— За что? Наша деревня не виновата!
— Месьеры карают, кого хотят. — Жена принялась всхлипывать.
Угли в хижине с плетёным потолком вконец остыли, дым ушёл. Муха полетала по кругу — ниже, ниже. Хрустали Отца Ночи были чёрными. Сила вышла через дымоход, крылья не держали. С последним «жжжж» муха упала на плечо недвижимо сидящего тела, подёргала лапками и свалилась.
Тело, почти окоченелое, вздохнуло. Спина распрямилась, открылись глаза, рот вдохнул: «А-ах!» Ударило сердце — раз, другой.
В памяти таяло увиденное — жирное тёплое тельце, грозно идущая туша и сверкающие пули.
Медлить нельзя.
— Это был он. Его оружие. — Бульон подбросил гильзу и поймал в ладонь. — Хотел бы я знать, в кого палил месьер Ван-дер-Гехт… Он рассадил пару магазинов. Но на расстоянии прицельного огня — ни трупов, ни следов крови. И я вам ручаюсь, месьер обер-лейтенант, что раненых не было. Если б их уволокли, остались бы следы.
— Выходит, он жив. — Кир из-под козырька шлема осматривал заросли. — По крайней мере, был жив минувшей ночью… Причём, отстрелявшись, ушёл сам.
— Так точно.
— Нервная горячка. Самогон с отравой, бессонная ночь — и безумие. Он сутки с лишним петляет в округе, как заведённый. В кого палит?.. В зелёных чёртиков — или что там видят опившиеся голландцы.
— Позволите высказать соображение, месьер обер-лейтенант?
— Давай.
Проворный — несмотря на упитанность — итальянец нравился Киру. На родине Бульон был минимум браконьером. Судя по навыкам, до войны он убивал не только дичь.
— Для белогорячего месьер Ван-дер-Гехт слишком умно себя ведёт. Ходит по ручьям, чтоб скрыть следы. Устроил лёжку на ночь. Крал еду у негров. Найти его непросто.
— Э, Бульон, да ты знаешь больше, чем до сих пор рассказывал!..
— Кто охотник, тот глазастый, — довольно ухмыльнулся разведчик.

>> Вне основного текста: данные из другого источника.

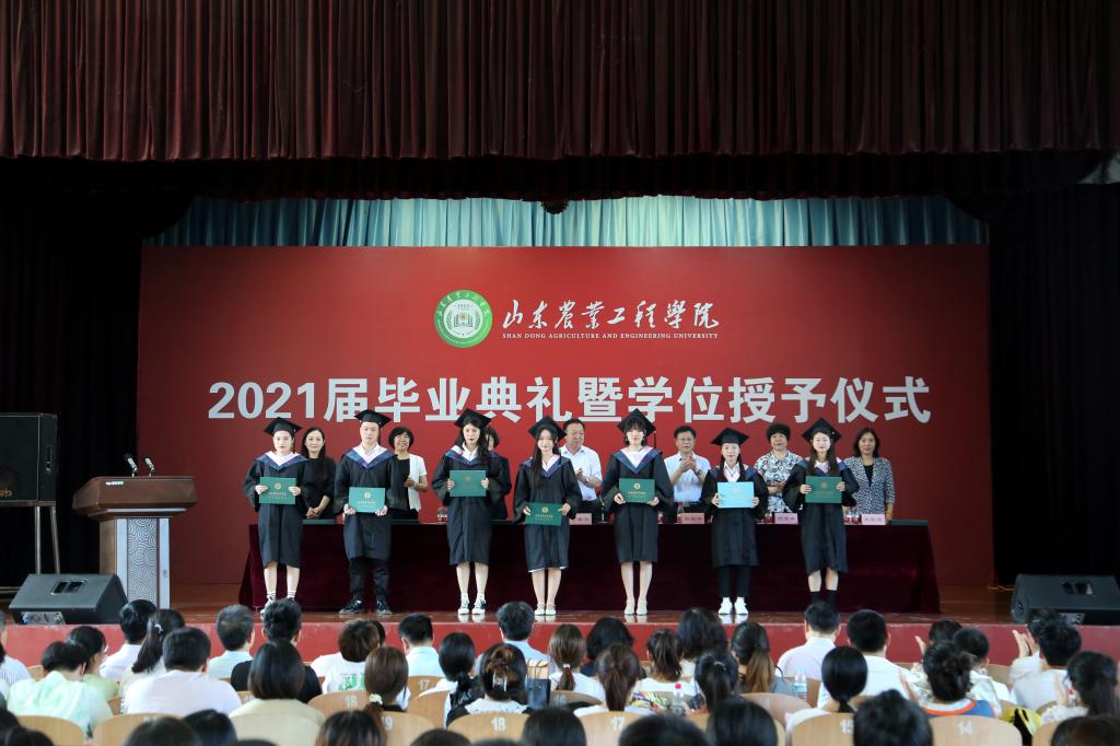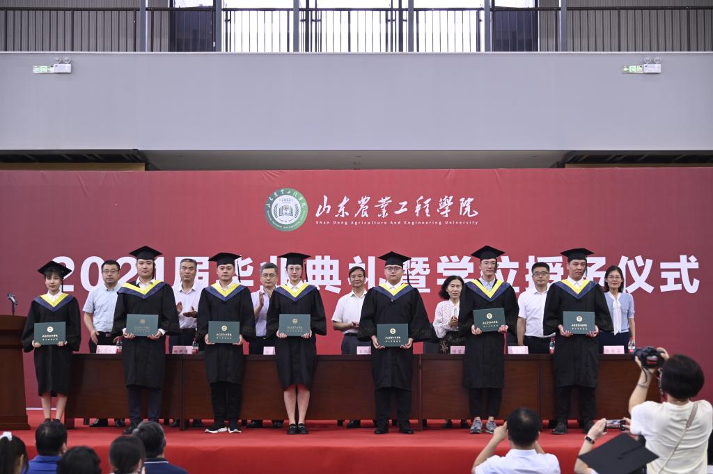 副校长张兆明,党委委员、副校长杨振宁,党委委员、组织部部长孙会海,分别宣读了学士学位授予决定,校领导依次为获得学士学位的毕业生代表授予学位,毕业典礼在欢送进行曲中圆满结束。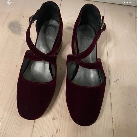 Pumps, str. 41, Grå silkestof, Ubrugt, Elegant damesko i gråt silke stof med pyntesyninger, spids tå og lille stilet hæl.
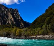 尼洋河中流砥柱像一个柱子一样阻挡住河水,这里河水非常漂亮,尤其是水清的时候,宛若一枚玉钮。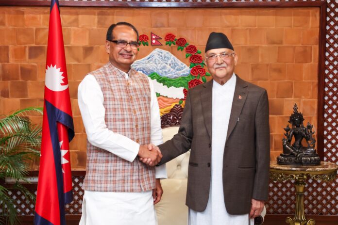 काठमाण्डौं । प्रधानमन्त्री केपी शर्मा ओलीसँग नेपाल भ्रमणमा रहेका भारतका कृषि तथा किसान कल्याणमन्त्री शिवराज सिंह चौहानले आज शिष्टाचार भेट गरेका छन् ।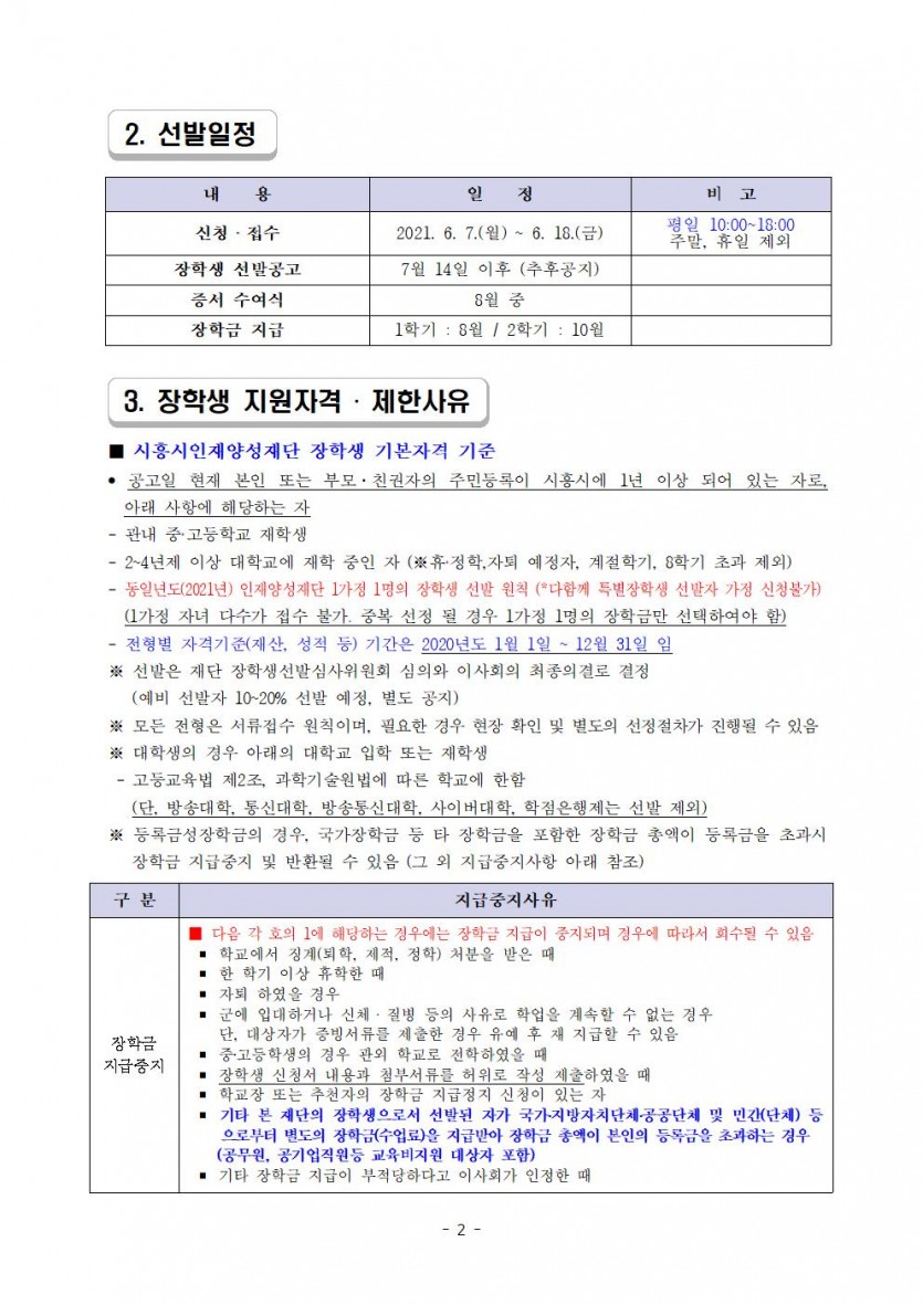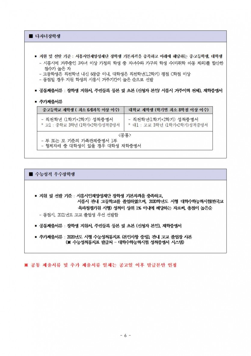 시흥시 교육발전과 인재양성을 위한 장학금입니다. |

— Командиру батальона или Иевлеву — доклады — вал? — для проформы спросил Кир. Ясно, что докладывал. Просто Бульон не болтает почём зря.
— Так точно. Но месьер штандарт-гауптман счёл, что нельзя выслать на поиск половину батальона. Оголится лагерь. Я вычислил, что Ван-дер-Гехт бродит в четверти дневного перехода от застав. Здесь он был шесть-семь часов назад. Отсюда мы можем начать прочёсывание. — Бульон выжидающе уставился на Кира — как распорядится Артано?
— Добро. Я проверю сектор в сторону деревни, а ты двигай вдоль ручья, развернув отделение цепью.
Сезон дождей начаться не спешил. Апрель на севере Анунды — царство жары. Такое в Ижеславской губернии можно увидеть только в засушливый, яростный год, предвещающий голод. Листья на акациях и кустарниках сворачивались и падали, настилая шуршащий изжелта-серый ковёр. Читать следы на сухом покрове — сущее удовольствие.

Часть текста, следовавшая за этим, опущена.